COLLECTED MATERIAL -
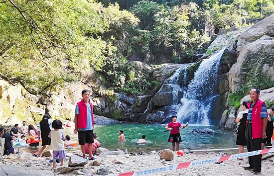 | 炎炎夏日,柯城区七里乡自发组建了一支党员志愿者服务队进行防溺水巡逻宣传。志愿者们在乡域内河流、池塘、水体景观等重点区域开展全面巡查,及时劝返在危险水域游泳、戏水的群众,通过文明劝导和宣传防溺水知识,为暑期学生和游客撑起“安全伞”。 余圣杰 摄 |
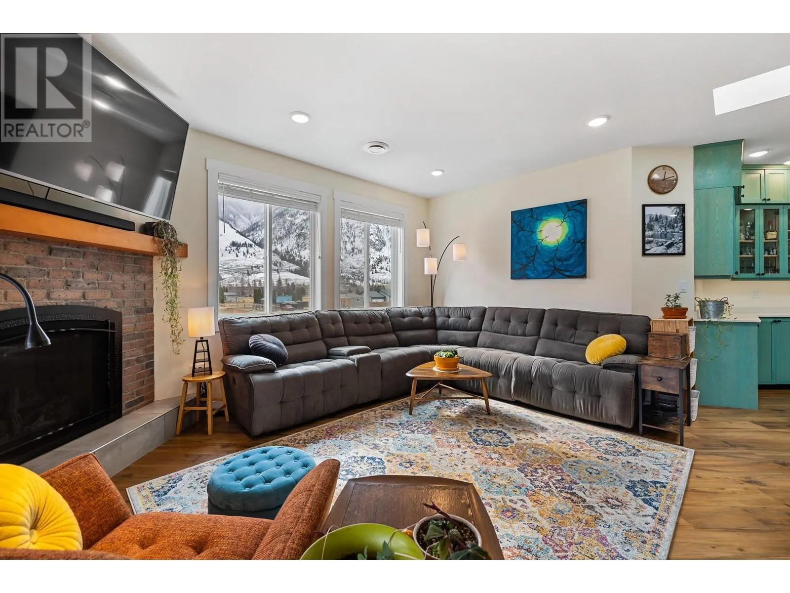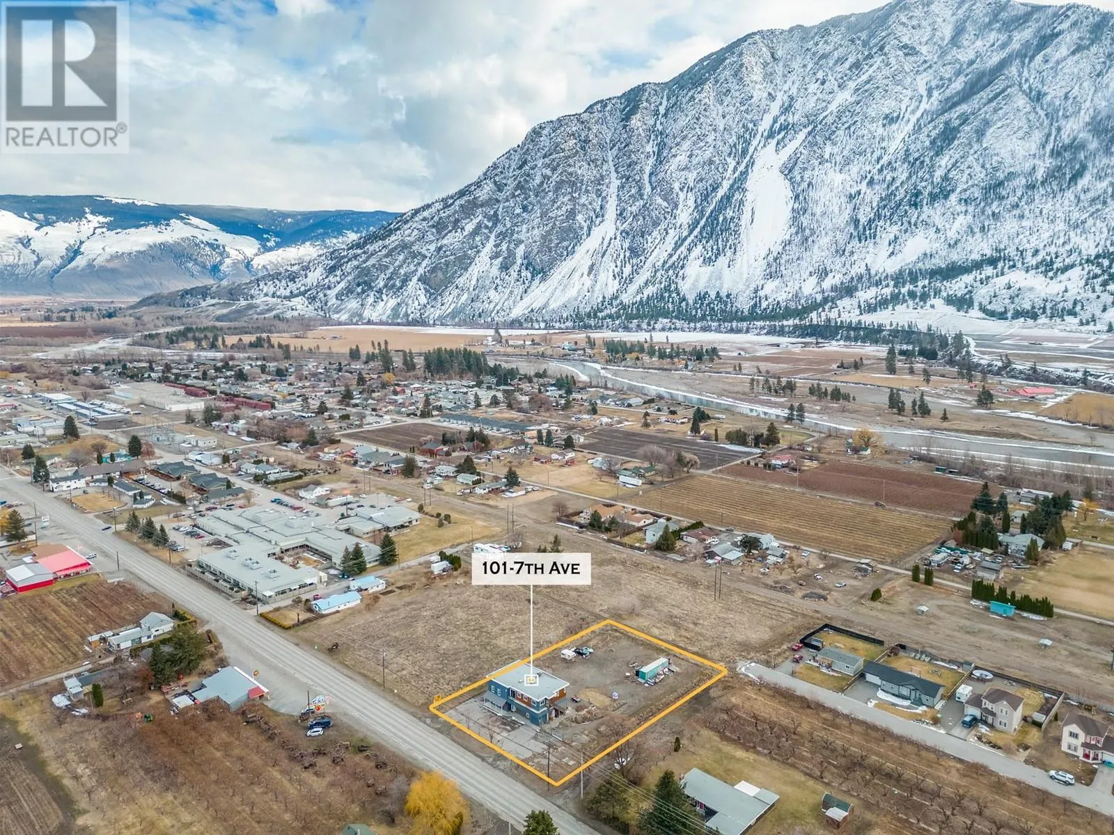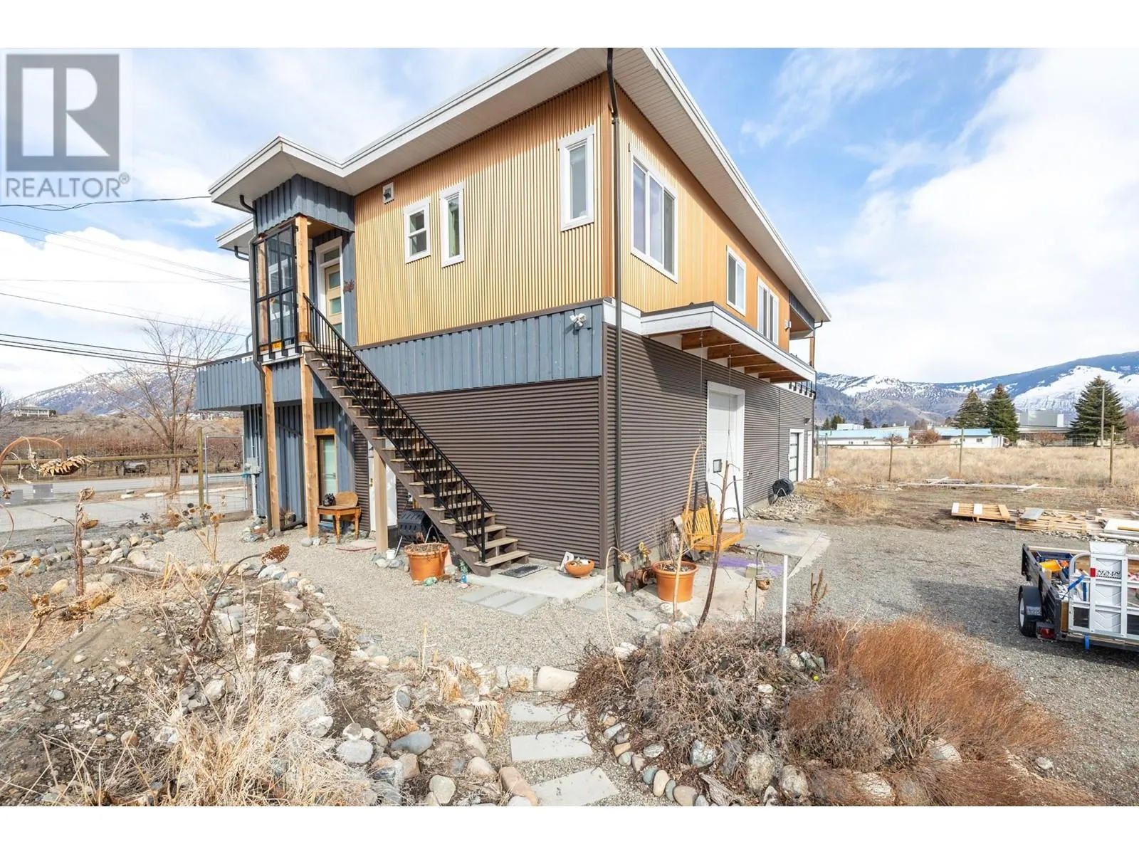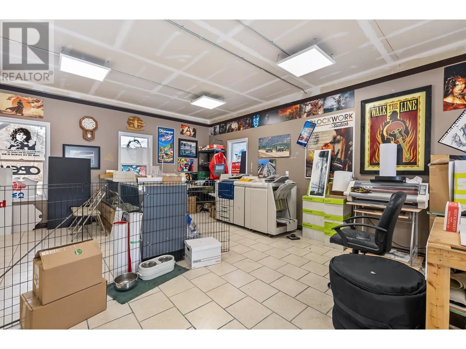 Incredibly unique and versatile Commercial/Residential opportunity. Updates galore. Newly built (2019) trendy 3 bed, 2 bath home, and an additional 1 bedroom suite situated on top of highway-fronting commercial space. Home includes 9' ceilings, skylights and custom finishings, making this artist-designed space bright and cheerful. Upstairs also features a fully-contained private 1 bed suite. Enjoy the warm Similkameen on your back patio or roll up the garage door in the flex room at the front of the building for a change of scenery. The king-sized master bedroom has 2 closets (one a walk-in), large ensuite bathroom with 2 sinks, soaker tub, and roomy, glass-walled shower. The space also features a home office with built-in desk + ample shelving. There is a large chef's kitchen w/custom cabinets and a sizeable island for socializing. Cozy up by the warm gas fireplace in the winter! Large main floor commercial space with a shop at the rear. Separate overhead doors access both the commercial and the shop. All mechanical upgraded at time of recent renovation. Brand new commercial rooftop HVAC, Boiler for in-floor heat, HWTs, upgraded electrical, fire separation etc. No corners cut. Excellent exposure located off Highway 3 with ample parking for your business/tenants out front. the property is walking distance to downtown Keremeos. The back of the property is a large, flat, blank slate with double frontage on Veterans. (id:27476)
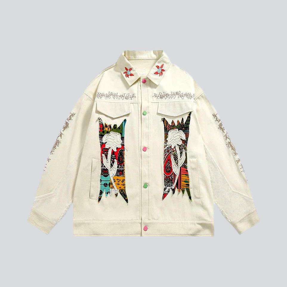 Verleihen Sie Ihrer Garderobe mit unserer elfenbeinfarbenen, bestickten Herren-Jeansjacke im Boho-Stil aus der Frühjahr-Sommer-Kollektion 2023 einen mühelos stilvollen Touch. Eine harmonische Mischung aus Vintage-inspiriertem Charme und moderner Mode. Dieses übergroße, bestickte Meisterwerk mit Knopfverschluss verleiht Ihrem Alltagslook einen Hauch zeitloser Eleganz!
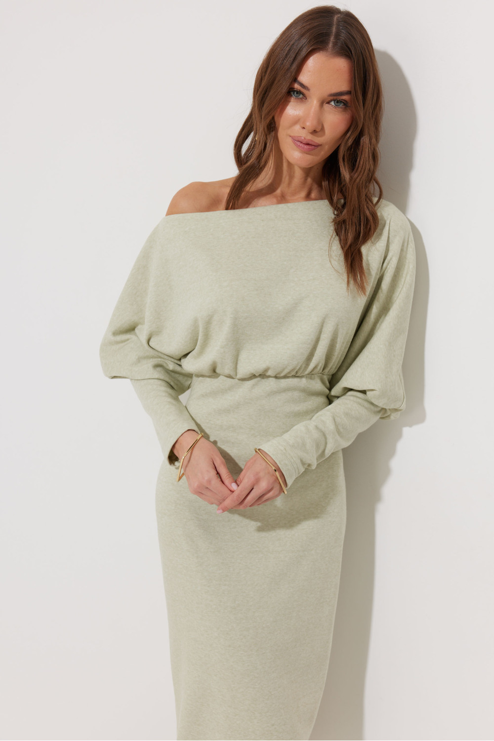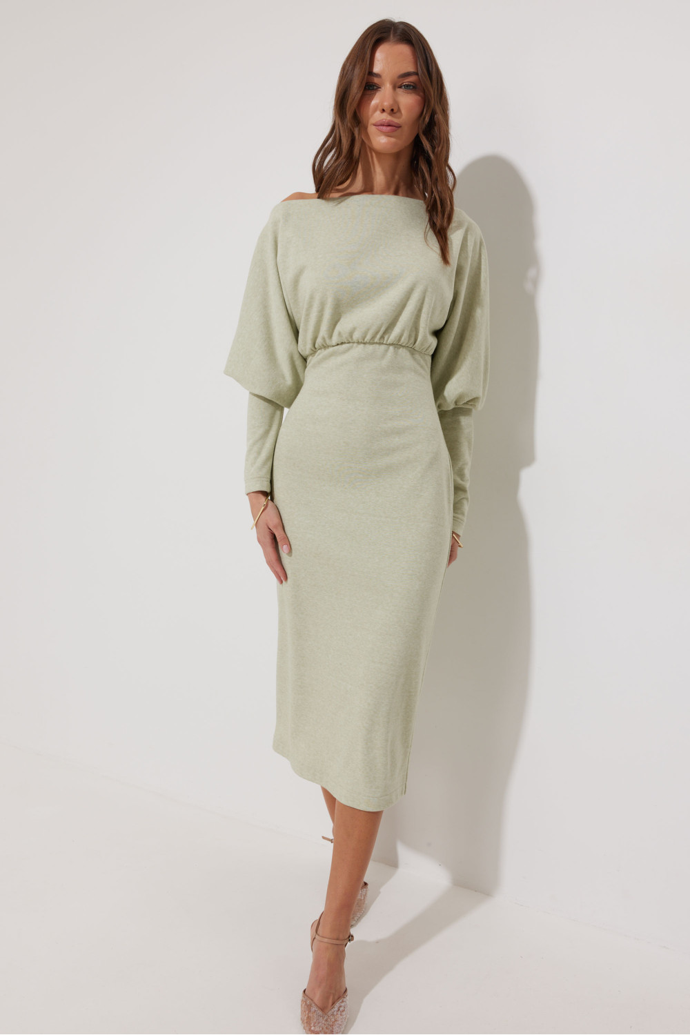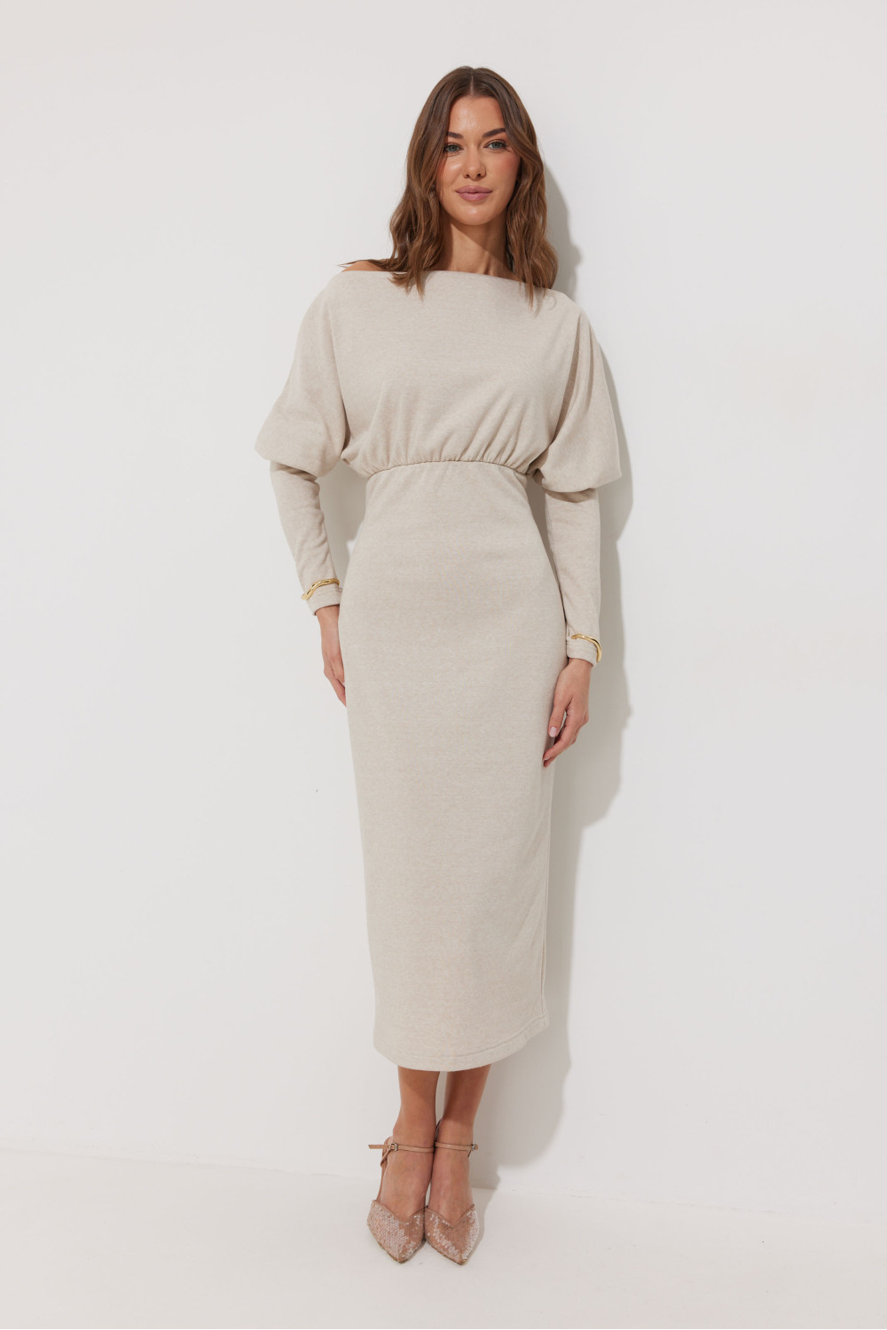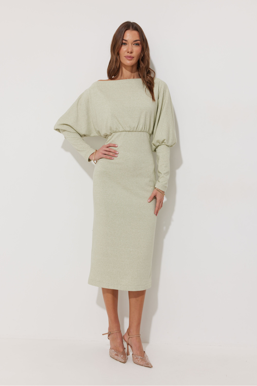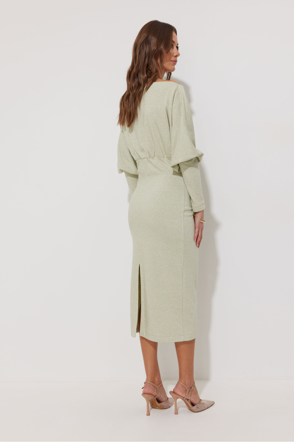 Платье полуприлегающего силуэта из трикотажного полотна. Горловина-лодочка. Рукав цельнокроеный, с подрезом выше уровня локтя и узкой длинной манжетой. По переду и спинке выше линии талии подрез, в который вставлена резинка. Обращаем ваше внимание, что ремень в комплект не входит.

EXERCISE -
Everything from the line containing "Verleihen Sie Ihrer" through the end of the data should be printed exactly, line for line, except the pictures.

ANSWER TO THIS TASK -
 Verleihen Sie Ihrer Garderobe mit unserer elfenbeinfarbenen, bestickten Herren-Jeansjacke im Boho-Stil aus der Frühjahr-Sommer-Kollektion 2023 einen mühelos stilvollen Touch. Eine harmonische Mischung aus Vintage-inspiriertem Charme und moderner Mode. Dieses übergroße, bestickte Meisterwerk mit Knopfverschluss verleiht Ihrem Alltagslook einen Hauch zeitloser Eleganz!
 Платье полуприлегающего силуэта из трикотажного полотна. Горловина-лодочка. Рукав цельнокроеный, с подрезом выше уровня локтя и узкой длинной манжетой. По переду и спинке выше линии талии подрез, в который вставлена резинка. Обращаем ваше внимание, что ремень в комплект не входит.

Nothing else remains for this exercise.